Der Schweiß trat auf die Stirn Parinors. Der vor ihm Sitzende hatte den Finger sofort auf alle strittigen Punkte gelegt. Parinor musste aufpassen, dass ihm diese Sache nicht zum Galgenstrick wurde.

„Die Planung der Tat wird letztlich der Frau selber obliegen, wobei die Tat im Rahmen der offiziellen Verlobung des Burggrafen stattfinden soll, wahrscheinlich im Rahmen des Buffets, wenn, wie meine Informanten berichtet haben, die Lichter kurzfristig gelöscht werden, um die Festtorte in den Saal zu bringen. Eine entsprechende Mordwaffe soll von anderer Hand in den Festsaal gebracht werden und dort bereit liegen. Wenn die Frau auch nur annähernd Grips hat, wird sie dabei auf die Preisgabe ihrer Identität verzichten, denn ihr wird daran liegen, nach erfolgreicher Ausführung der Tat wieder nach Hause zurückzukehren. Zum Mordopfer selbst hat sie keinerlei Verbindungen, wodurch sie nicht in den möglichen Kreis der Täter fallen sollte.“ Parinor zog ein blütenweißes Taschentuch aus seinem Hemdsärmel und fuhr sich trocknend über die Stirn. Wie lange hatte er sich in den schönsten Farben ausgemalt, in einer solchen Situation zu sein und eine ganze Brigade Mörder mit samtweicher Stimme zu befehligen und wie erbärmlich gestaltete sich die Wirklichkeit…

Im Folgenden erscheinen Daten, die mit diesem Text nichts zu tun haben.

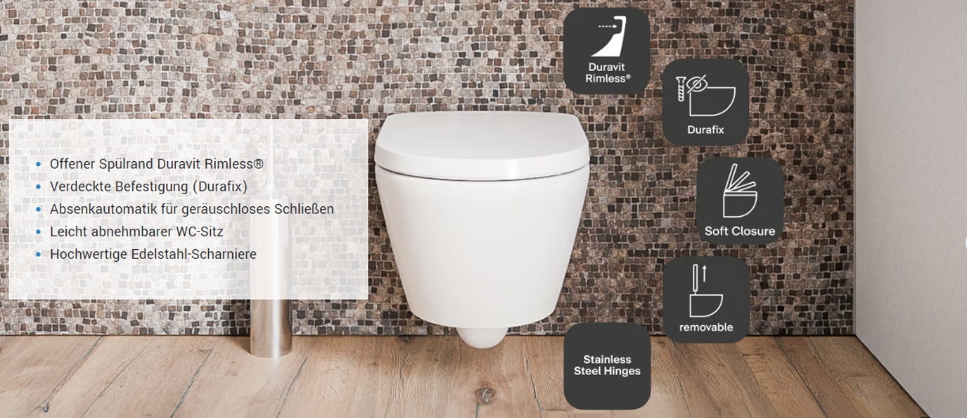 Das patentierte Befestigungssystem ermöglicht eine mühelose Installation und schafft ein harmonisches Erscheinungsbild, frei von störenden Elementen. Mit seinem Tiefspüler-Design minimiert das WC Geruchsbelästigungen, während die Absenkautomatik sanftes und geräuschloses Schließen garantiert.

Letztlich aber hatte er augenscheinlich alles Wichtige gesagt. Kurz fasste sein Gegenüber den Auftrag noch einmal zusammen, dann nannte er seinen Preis – eine Summe, die Parinor denn doch die Tränen in die Augen trieb.

Ein kurzes Aufbäumen ob der ‚doch übertriebenen Forderung’, das der Mörder nonchalant mit der Bemerkung beiseite fegte, nicht er wolle etwas von Parinor, dann wechselten 50 Dukaten als Vorschuss den Besitzer und der Mörder verschwand so unauffällig, wie er erschienen war.

Parinor indes riss den Vorhang auf wie ein Erstickender und bestellte vier Gläser des stärksten Schnapses, den der Wirt auftreiben konnte, um anschließend trunken und zugleich auf das heftigste ernüchtert nach Hause zu schwanken.